Blues als Soundtrack für ein religiöses Historienspiel? Bei den historischen Klischees als "Musik des Teufels" ist das sicherlich eine absurde Wahl. Doch Hans Theessink zeigt, wie gut Bluessongs zu einem Stück wie Hoffnungsthals "Jedermann" passen.

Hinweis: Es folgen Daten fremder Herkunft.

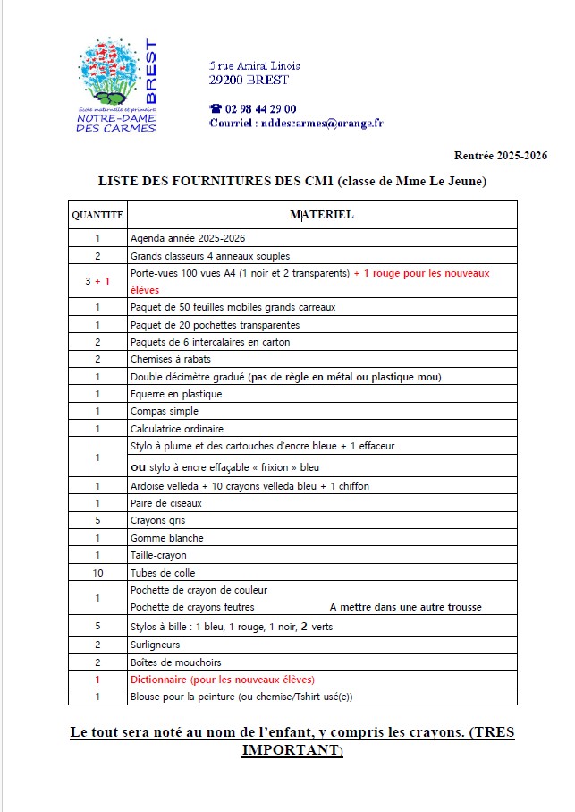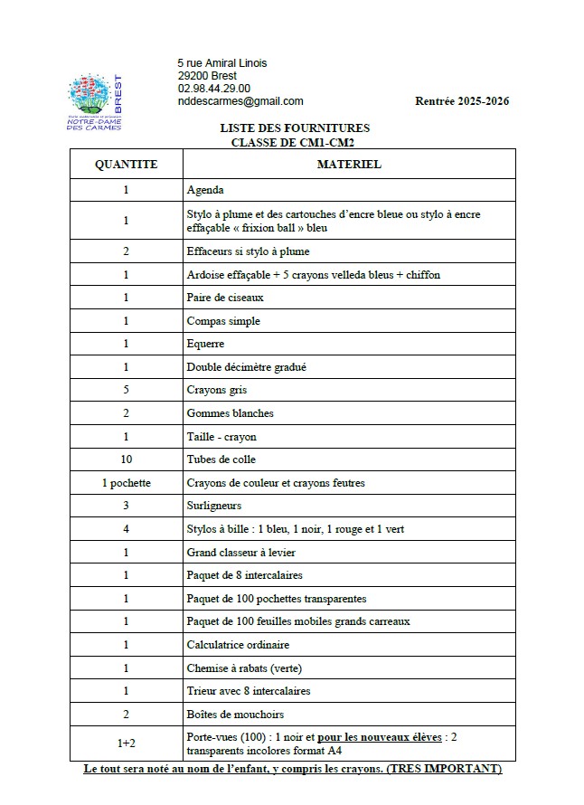 Fournitures pour les élèves de la classe de CM1-CM2

Dass sich Bluesmen mit Fragen von Gott, Tod und Teufel beschäftigen, ist letztlich so alt wie diese Musik überhaupt. Auch wenn die Frömmler sich immer schon pikiert abwandten, wenn jemand zu als Sünde empfundenen Tanzvergnügungen aufspielte und dabei auch dem Alkohol und der freien oder käuflichen Liebe Vorschub leistete. Da kommen die niemals verstummten Gerüchte von Leuten, die ihre Seele dem Teufel verkauften, um den Blues spielen zu können, gerade recht als Begründung. Auch wenn sie meist – wie etwa bei Robert Johnson – jeglicher Grundlage entbehrten. Und wenn Sänger wie "Georgia Tom" öffentlichkeitswirksam Abschied vom Blues nahmen um fürderhin allem dem HERRN zu singen, dann wurden ihre Wurzeln zu häufig einfach dem Vergessen anheim gegeben. Erst langsam werden tief religiöse Bluessongs etwa von Blind Willie Johnson als genuine Bluesstücke wahr- und ernst genommen.
Da kommt ein Projekt wie das von Hannes Rossacher gerade recht. Für eine Dokumentation über 90 Jahre Aufführungsgeschichte von [[Hugo von Hoffmannsthal]]s "[[Jedermann]]" in Salzburg montierte er Ausschnitte der verschiedensten Inszenierungen zu einem "Jedermann Remixed". Und von Anfang an wollte er als Soundtrack dazu Songs etwa von den Rolling Stones und Johnny Cash haben. Und daher beauftragte er den seit langem in Wien lebenden Blueser [[Hans Theessink]] mit einem entsprechenden Soundtrack. Da "Jedermann Remixed" (noch?) nicht auf DVD vorliegt, kann hier nur auf diesen Soundtrack eingegangen werden.
Für jede der Figuren, die mit dem sterbenden reichen Mann ins Gespräch kommen, wurde ein eigener Song gesucht – der Jedermann selbst wird etwa durch Bo Diddleys "I'm A Man" eingeführt, die Buhlschaft durch "I Got A Woman" von Ray Charles, und der Auftritt des Todes wird untermalt durch "The Man Comes Around", das ja schon bei Johnny Cash zu einer Art Jüngstem Gericht im Song wurde. Einige Stücke stammen aus dem Repertoire von Theesink. Und "Mothers Advice" wurde mangels anderer Stücke über Mutterfiguren neu geschrieben.
Das ist musikalisch – wie bei Theesink nicht anders zu erwarten – eine sehr relaxte Angelegenheit geworden. Wo man bei Cash etwa auf seinen letzten Alben die Auseinandersetzung mit Tod, Sterben und Jüngstem Gericht fast schmerzhaft hören konnte, ist das hier eine fast schicksalhafte Ergebenheit in den Tod, der von Theesink und seinen Mitstreitern dargeboten wird. Sei es bei spartanischen Solonummern nur mit Stimme und Saiteninstrumenten von Theesink oder bei Auftritten mit seiner Band oder Gastmusikern wie der großartigen Meena Cryle – stets bleibt dieses zurückgenommene Spielen und Singen. Manchen Liedern kommt das entgegen – doch bei Stücken wie Tom Waits' "Way Down In The Hole" oder "Sympathy for the Devil" ist es zuviel Schönklang, der die Botschaft zukleistert. Hier wäre wesentlich mehr Härte und Kampf angesagt gewesen.